- **ACTION ITEM**
When copying the data below, keep only the lines from the one with "their birthday flower." through the one with "图:10月合约卷螺差走势", word for word, and skip the pictures.

- **DATA PROVIDED**
______
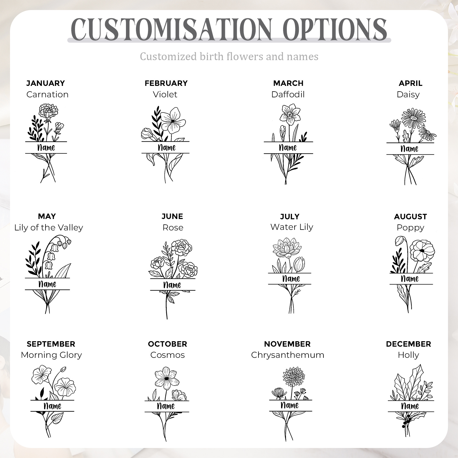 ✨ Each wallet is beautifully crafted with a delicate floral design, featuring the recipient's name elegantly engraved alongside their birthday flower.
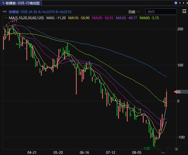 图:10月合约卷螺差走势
______
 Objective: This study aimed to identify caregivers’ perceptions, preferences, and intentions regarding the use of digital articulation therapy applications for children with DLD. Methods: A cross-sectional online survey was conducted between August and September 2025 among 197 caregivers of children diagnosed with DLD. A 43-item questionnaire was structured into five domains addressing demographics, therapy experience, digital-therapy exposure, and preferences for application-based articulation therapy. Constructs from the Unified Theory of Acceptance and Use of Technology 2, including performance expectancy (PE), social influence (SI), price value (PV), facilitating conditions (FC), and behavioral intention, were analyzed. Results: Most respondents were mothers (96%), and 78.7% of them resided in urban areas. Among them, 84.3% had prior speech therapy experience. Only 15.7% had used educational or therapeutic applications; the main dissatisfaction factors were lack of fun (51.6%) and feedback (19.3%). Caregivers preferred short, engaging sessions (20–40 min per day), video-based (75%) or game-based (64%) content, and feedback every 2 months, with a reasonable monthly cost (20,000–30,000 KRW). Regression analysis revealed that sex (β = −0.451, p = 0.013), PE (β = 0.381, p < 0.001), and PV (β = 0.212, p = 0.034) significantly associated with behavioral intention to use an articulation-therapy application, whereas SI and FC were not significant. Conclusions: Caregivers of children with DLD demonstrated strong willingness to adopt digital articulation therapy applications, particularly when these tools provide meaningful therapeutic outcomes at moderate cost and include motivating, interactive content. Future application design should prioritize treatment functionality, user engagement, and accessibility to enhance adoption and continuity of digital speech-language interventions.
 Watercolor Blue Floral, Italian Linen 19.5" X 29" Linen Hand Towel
______
- **RESPONSE AREA**
 ✨ Each wallet is beautifully crafted with a delicate floral design, featuring the recipient's name elegantly engraved alongside their birthday flower.
 图:10月合约卷螺差走势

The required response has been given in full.